# Which bike



## IamDave (Feb 6, 2015)

Now then. Looking for some advice and opinions as I'm not really knowledgable with bikes. I'm looking at getting a bike for mainly riding on country roads and some light trails (nothing too off roady but still bumpy!). My last bike was a Trek hardtail of some description (can't remember exactly what) which was cracking but sold as my mate went off to uni and I stopped riding. Bought a carrera road bike in the interim but that didn't go well (not the bikes fault!) so not going back down the road bike route. I've been out of cycling for a few years and need to get back into it really for the sake of fitness!

I've narrowed it down to a couple of choices (all Halfords I'm afraid) which are, granted, not the same spec and a bit of a price difference.

Apollo Guru £153
http://www.halfords.com/webapp/wcs/...goryId=165534&productId=1246101&storeId=10001

Carrera Crossfire 3 £320
http://www.halfords.com/webapp/wcs/...3&categoryId=165534&langId=-1&catalogId=10151

(Links go to mobile site)

So the main reason I'm looking at the Apollo is rather simply it's cheap and I'm tight. My mate just bought it and says it's alright for what it is but I have doubts about how long it will last/how soon things will break.

I'm looking at the Carrera due to the better spec, hydraulic disc brakes and lockout on the forks (had on my trek and found quite useful). But wonder if it's worth laying out over double the cost of the Apollo. Also questioning reliability and build quality again.
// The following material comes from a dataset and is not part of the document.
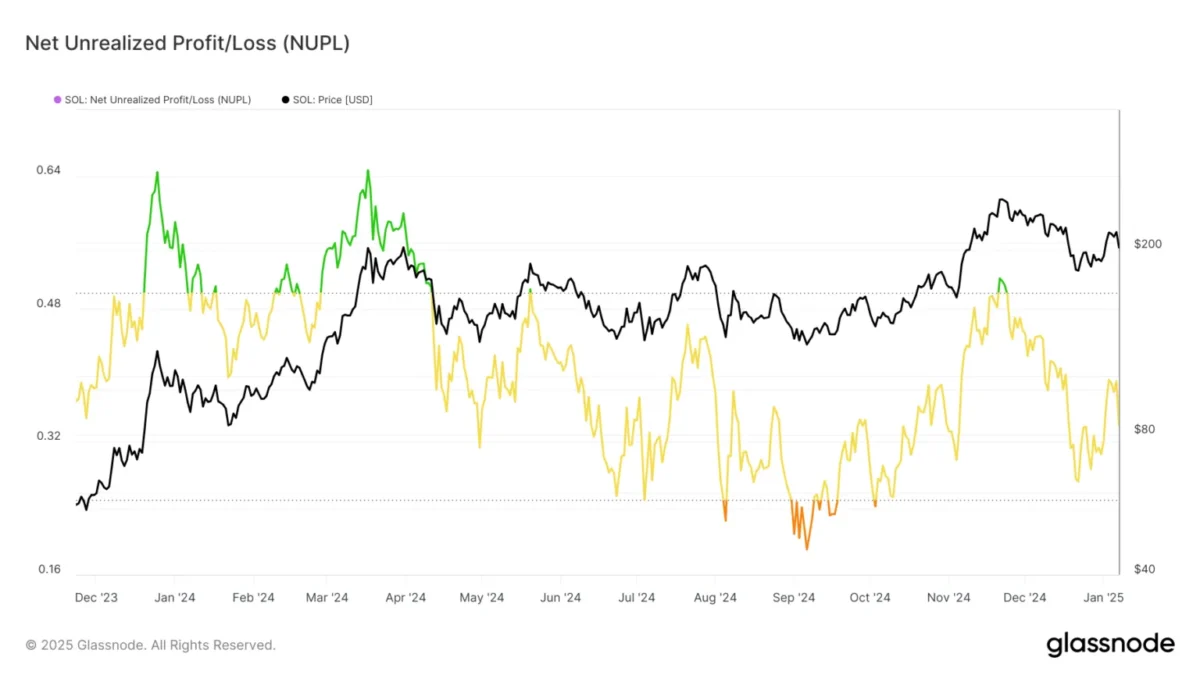 Net Gerçekleşmemiş Kar/Zarar (NUPL) metriği, yatırımcıların hala kârda olduğunu ve ciddi kayıplar yaşamaktan kaçındığını gösteriyor. Ancak bu durum, Solana’nın güçlü bir yükseliş momentumu oluşturmasını da zorlaştırıyor. Tarihsel olarak, bu tür bir kârda olma durumu genellikle piyasada durağan bir dönem yaratmıştır. Bu nedenle, SOL Coin şu anda keskin fiyat hareketlerinden ziyade daha temkinli bir piyasa havası yansıtıyor.

I'd considered a Boardman MX sport: 
http://www.halfords.com/webapp/wcs/...goryId=165534&productId=1173752&storeId=10001
But it's £450 which is a bit more than I'd like to spend really.

I don't want to spend too much really as I just don't want to part with too much money. Also I'd need to buy a new helmet and couple of other bits and pieces again.

The bike will really only be used in fair weather and probably a couple of times a week at most.

So any opinions or advice welcome on what people think of either of them and whether it's worth paying a bit more for the Carrera for what I want it for. Also any other suggestions welcome around the above price ranges. Only must haves for me are front suspension really.

Cheers
Dave

Sent from my iPhone using Tapatalk


----------



## cossiecol (Jun 29, 2014)

If you're doing trails I would avoid V brakes.

Depending what you max budget is but have a look at the Specialized Pitch bike


----------



## MagpieRH (May 27, 2014)

Don't scrimp on the bike, you will regret it if you're going to use it regularly. Buy a decent frame, and you can upgrade bits and components as you wish. Buy a cheapo frame, and it'll be pointless.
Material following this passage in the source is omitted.